[Stored entries]
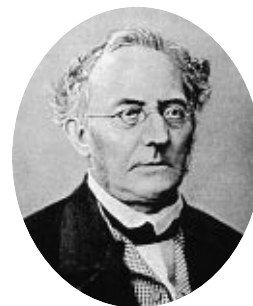
Friedrich Wilhelm Ritschl (1806-1876)
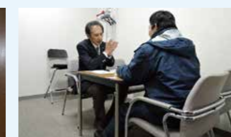
地域協議会相談対応状況
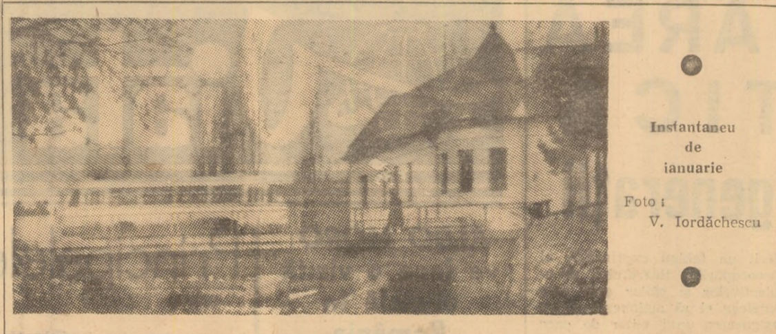
Instantaneu de ianuarie

Vizita de lucru a secretarului general al partidului în unități industriale din municipiul și județul Brașov, acum, la început de nou an, de nou cîincinal, a prilejuit colectivelor de muncitori, ingineri și tehnicieni, o dată cu bucuria de a-l avea în mijlocul lor pe tovarășul Ceaușescu, de a putea raporta partidului primele succese dobîndite în îndeplinirea sarcinilor planului pe 1971 și exprimarea hotărîrii de a-și consacra toate forțele în vederea trecerii în viață a obiectivelor stabilite de partid pentru progresul României socialiste.
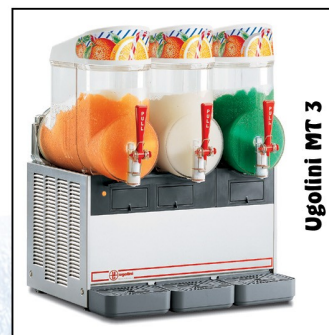
Ugolini MT 3
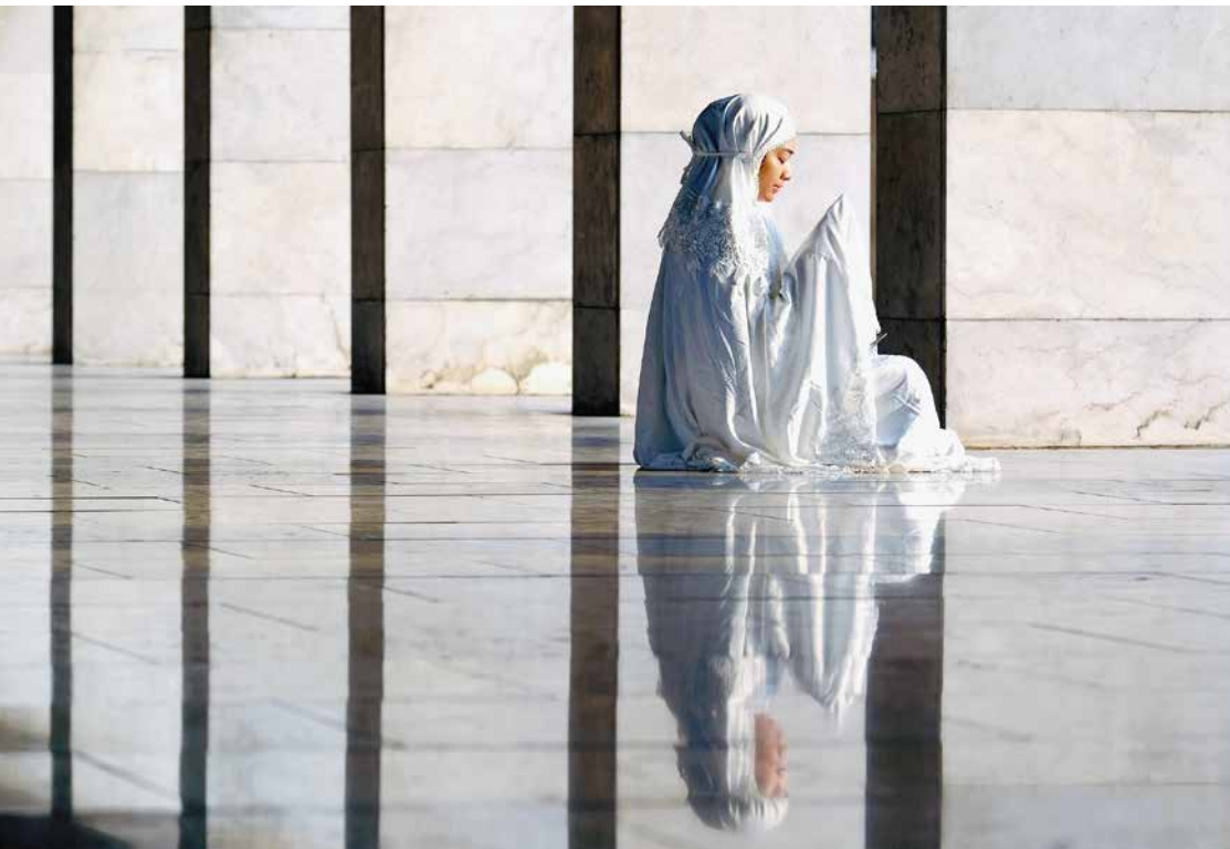
Musulmane en prière à la mosquée Istiqlal de Djakarta (Indonésie) Cette mosquée, la plus imposante de l'Asie du Sud-Est, peut accueillir 120'000 personnes dans son enceinte.

CYCLE 3 : MER 9, 10, 11 OUTILS, DÉMARCHES ET RÉFÉRENCES (ODR)
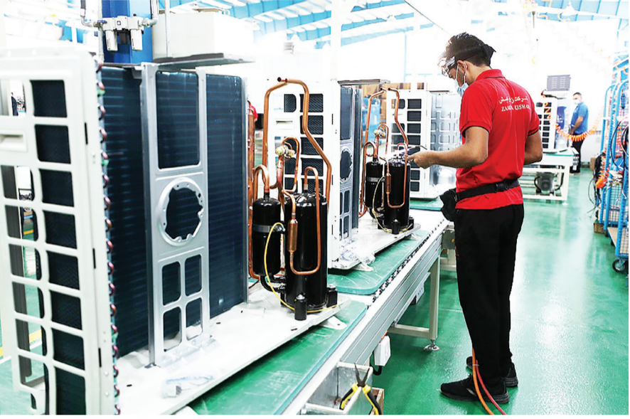
اراس، انزلی، اروند، ماکو و شهر فرودگاهی امام خمینی (ره)، در حال حاضر هشت منطقه آزاد تجاری-صنعتی ایران را تشکیل می‌دهند.

تخصیص دست کم ۵۰ درصد سپرده‌های هر یک از بانک‌های مستقر در مناطق آزاد به تأمین مالی واحدهای تولیدی و فعالان اقتصادی همان منطقه، از مهمترین توافقاتی انجام شده در نشست دبیر شورایی مناطق آزاد تجاری-صنعتی و ویژه اقتصادی و رئیس کل بانک مرکزی بود.
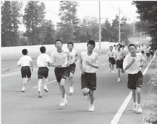
望郷ラインを快走する生徒たち
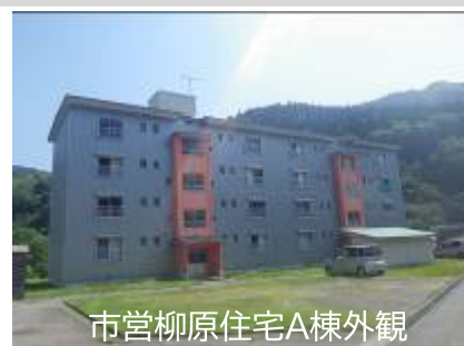
市営柳原住宅A棟外観
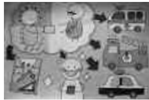
上 ポスターの部、佐藤友美さんの作品 右 習字の部、鈴木明莉さんの作品
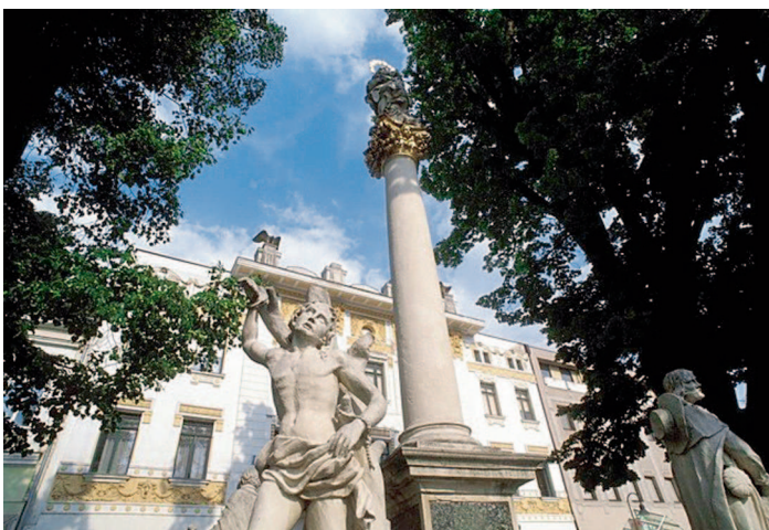
Überschaubare Metropole im westlichen Weinviertel: Hollabrunn hat Flair

IMPRESSUM: Medieninhaber, Herausgeber und Verleger: Mediaprint Zeitungs- und Zeitschriftenverlag Ges. m. b. H. & Co. KG, Muthgasse 2, 1191 Wien. Projektleitung und Anzeigenannahme: Gerhard Krejci, ☎ +43 1 2266 64 631, gerhard.krejci@mediaprint.at ; Redaktion: Andreas Leisser, ☎ +43 1 36 000 3042, andreas.leisser@mediaprint.at . Grafik und Layout: Alfred Walenta, ☎ +43 1 36 000 3093, alfred.walenta@mediaprint.at . Hersteller: LEYKAM Let's Print, Bickfordstraße 21, 7201 Neudörfel.

WHAT YOU NEED TO DO
Leave the pictures out and return each entry exactly.

SOLUTION TO THIS PROBLEM
Friedrich Wilhelm Ritschl (1806-1876)
地域協議会相談対応状況
Instantaneu de ianuarie

Vizita de lucru a secretarului general al partidului în unități industriale din municipiul și județul Brașov, acum, la început de nou an, de nou cîincinal, a prilejuit colectivelor de muncitori, ingineri și tehnicieni, o dată cu bucuria de a-l avea în mijlocul lor pe tovarășul Ceaușescu, de a putea raporta partidului primele succese dobîndite în îndeplinirea sarcinilor planului pe 1971 și exprimarea hotărîrii de a-și consacra toate forțele în vederea trecerii în viață a obiectivelor stabilite de partid pentru progresul României socialiste.
Ugolini MT 3
Musulmane en prière à la mosquée Istiqlal de Djakarta (Indonésie) Cette mosquée, la plus imposante de l'Asie du Sud-Est, peut accueillir 120'000 personnes dans son enceinte.

CYCLE 3 : MER 9, 10, 11 OUTILS, DÉMARCHES ET RÉFÉRENCES (ODR)
اراس، انزلی، اروند، ماکو و شهر فرودگاهی امام خمینی (ره)، در حال حاضر هشت منطقه آزاد تجاری-صنعتی ایران را تشکیل می‌دهند.

تخصیص دست کم ۵۰ درصد سپرده‌های هر یک از بانک‌های مستقر در مناطق آزاد به تأمین مالی واحدهای تولیدی و فعالان اقتصادی همان منطقه، از مهمترین توافقاتی انجام شده در نشست دبیر شورایی مناطق آزاد تجاری-صنعتی و ویژه اقتصادی و رئیس کل بانک مرکزی بود.
望郷ラインを快走する生徒たち
市営柳原住宅A棟外観
上 ポスターの部、佐藤友美さんの作品 右 習字の部、鈴木明莉さんの作品
Überschaubare Metropole im westlichen Weinviertel: Hollabrunn hat Flair

IMPRESSUM: Medieninhaber, Herausgeber und Verleger: Mediaprint Zeitungs- und Zeitschriftenverlag Ges. m. b. H. & Co. KG, Muthgasse 2, 1191 Wien. Projektleitung und Anzeigenannahme: Gerhard Krejci, ☎ +43 1 2266 64 631, gerhard.krejci@mediaprint.at ; Redaktion: Andreas Leisser, ☎ +43 1 36 000 3042, andreas.leisser@mediaprint.at . Grafik und Layout: Alfred Walenta, ☎ +43 1 36 000 3093, alfred.walenta@mediaprint.at . Hersteller: LEYKAM Let's Print, Bickfordstraße 21, 7201 Neudörfel.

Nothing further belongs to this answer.